» **TASK GOAL**
Find the line with "Our best-selling MERCEDES" in the entries below, then output every line from it down to the line with "步骤一:选择大小长度合适植体", exactly and with no pictures.

- - - -

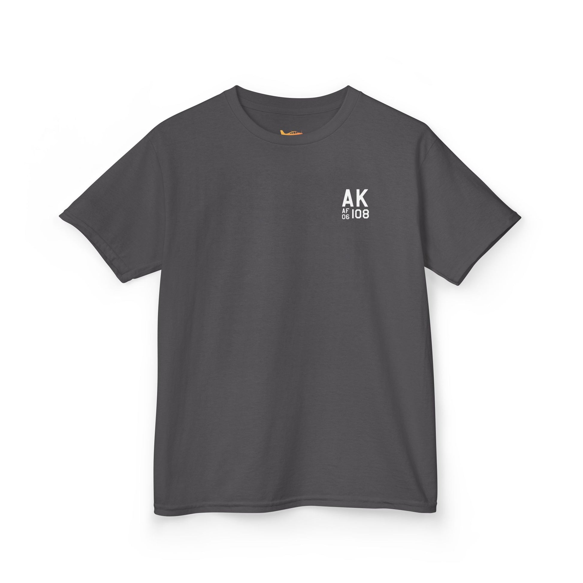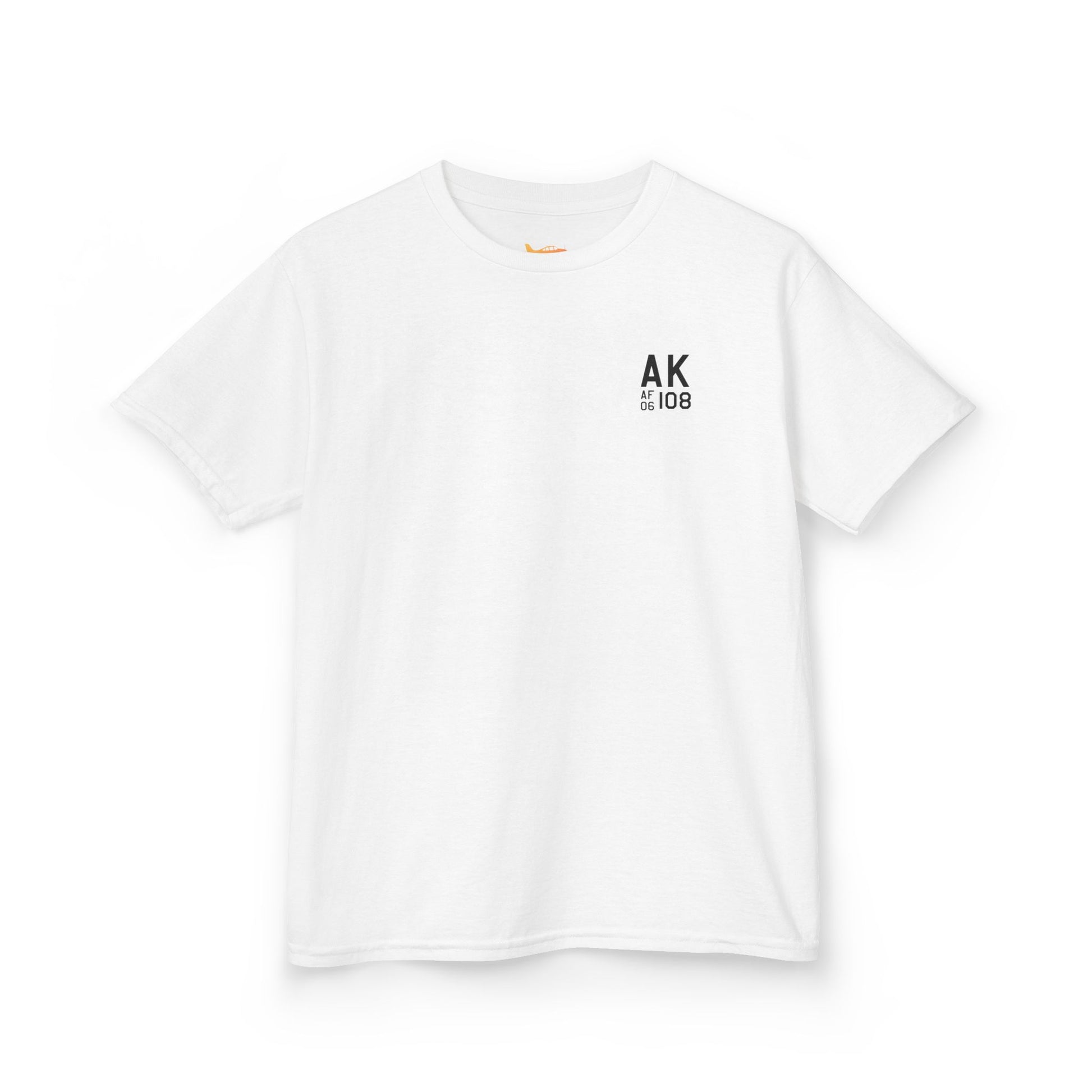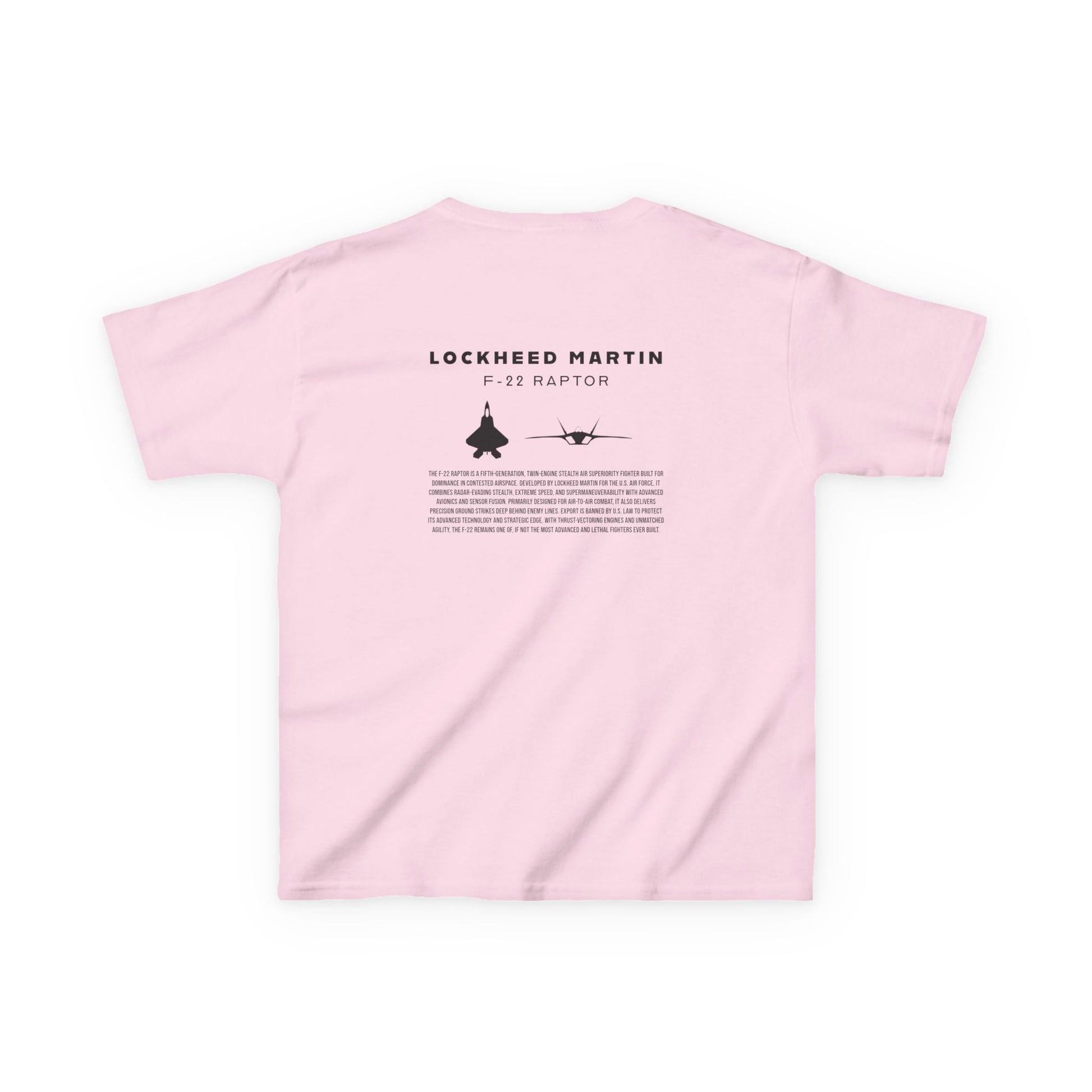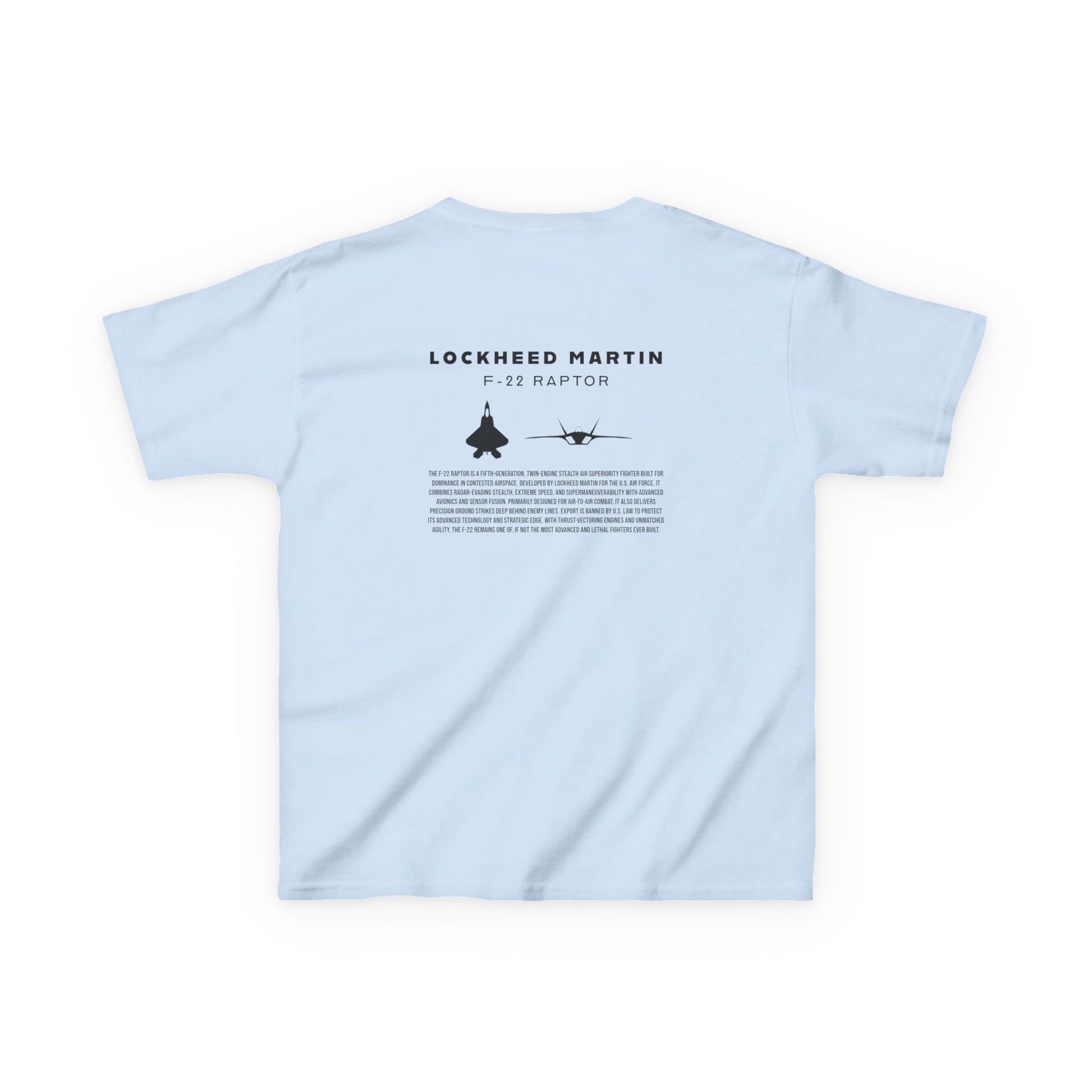 A beautiful and stylish t-shirt in youth sizing featuring a F-22 Raptor jet silhouette, the tail logo of an Alaskan F-22 in the front, and a brief description of one of what is considered to be the greatest fighter jet of all time.
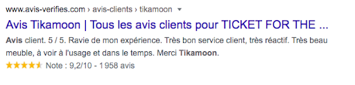 Pour remonter dans les SERP (pages de résultats) pendant les soldes, nous vous recommandons d’utiliser les avis en ligne comme Rich Snippet. Considérés comme des “contenus enrichis”, les Rich Snippet (ou Rich Content) sont des informations complémentaires qui apparaissent lors d’une recherche. Les prix, maps, FAQ, recettes de cuisine… Ou encore les notes étoilées améliorent la lisibilité d’une page, et par extension son SEO !
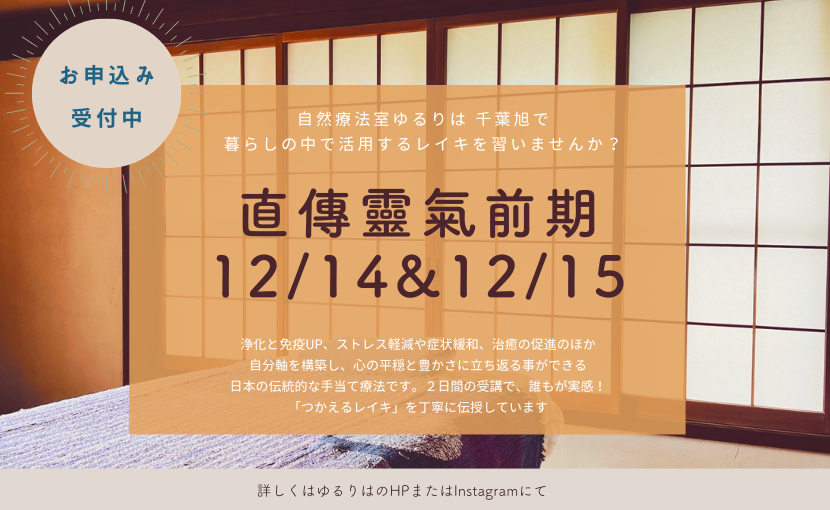 12月の直傳靈氣前期セミナー@千葉旭【残席1です】
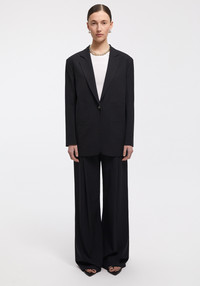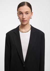 Our best-selling MERCEDES blazer is tailored of a sustainable, ecovero viscose blend. It has a boxy silhouette and slim sleeves, while it features our signature high slit on the back and detailed with a golden A-motif button opening on the front. Size and Fit Designed for a loose fit, take your normal size. The model is 178 cm and wears a size 36. Fabric and Care 83% Ecovero Viscose 14% Polyester 3% Elastane Do not wash, Do not bleach, Do not tumble dry, Iron medium temperature, Suitable for dry cleaning, Suitable for professional wet cleaning
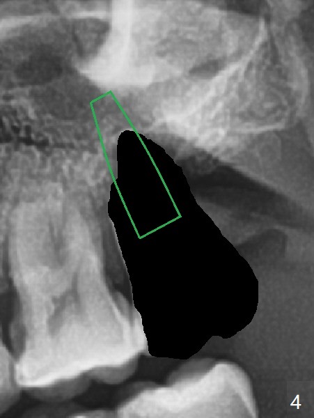 步骤一:选择大小长度合适植体(图四:绿色)。尽量大卡在近中,远中骨壁,取得初步稳定性,但是留下足够颊侧,腭侧空间植骨。植体上缘刚刚越过窦底,下缘龈下3-4毫米。
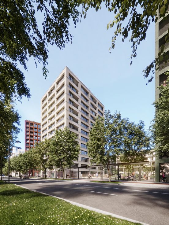 Tussen het KBC hoofdkantoor en Tour & Taxis wordt een volledig nieuw woonproject opgetrokken dat bestaat uit drie hoge gebouwen en één laag gebouw en rustige binnentuin.
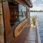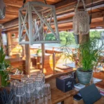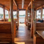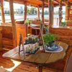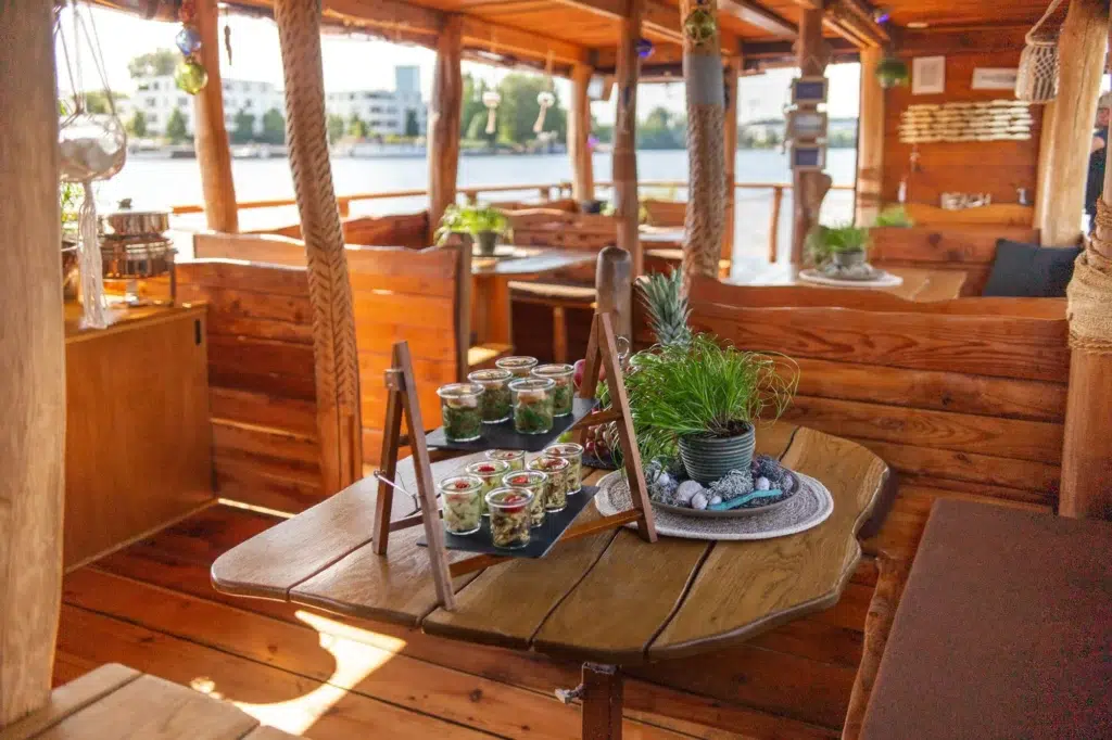 Das Besondere am Hauptstadtfloß I ist sein unverwechselbarer Auftritt auf dem Wasser. Die markante Holzbauweise, Fischernetze, maritime Accessoires und blaue Details verleihen dem Floß eine Optik, die sofort auffällt. Es erinnert an ein klassisches Abenteuerfloß, wirkt dabei aber deutlich komfortabler. Hinzu kommt die offene Bauweise: Bei geöffneten Planen ist ein kompletter Umlauf auf der Ebene des Unterdecks möglich. Das schafft Bewegungsfreiheit und macht das Miteinander an Bord besonders angenehm. Auch als Eventlocation am Wasser hat das Hauptstadtfloß I dadurch einen ganz eigenen Stil.
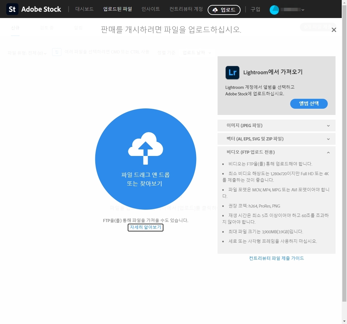 어도비스톡을 하면서 처음으로 동영상 파일을 올려보기로 했습니다. 사진 보다는 동영상이 판매 건당 수익이 좋다는 글을 보았기 때문입니다. 그런데 문제는 동영상 파일 같은 대용량의 파일을 올려본 적이 거의 없어서 어떻게 올리는건지 막막하다는 점이었습니다. 하지만 걱정도 잠시, 어도비스톡에 이 문제에 대한 답이 있었습니다.

- - - -

» **OUTPUT**
 Our best-selling MERCEDES blazer is tailored of a sustainable, ecovero viscose blend. It has a boxy silhouette and slim sleeves, while it features our signature high slit on the back and detailed with a golden A-motif button opening on the front. Size and Fit Designed for a loose fit, take your normal size. The model is 178 cm and wears a size 36. Fabric and Care 83% Ecovero Viscose 14% Polyester 3% Elastane Do not wash, Do not bleach, Do not tumble dry, Iron medium temperature, Suitable for dry cleaning, Suitable for professional wet cleaning
 步骤一:选择大小长度合适植体(图四:绿色)。尽量大卡在近中,远中骨壁,取得初步稳定性,但是留下足够颊侧,腭侧空间植骨。植体上缘刚刚越过窦底,下缘龈下3-4毫米。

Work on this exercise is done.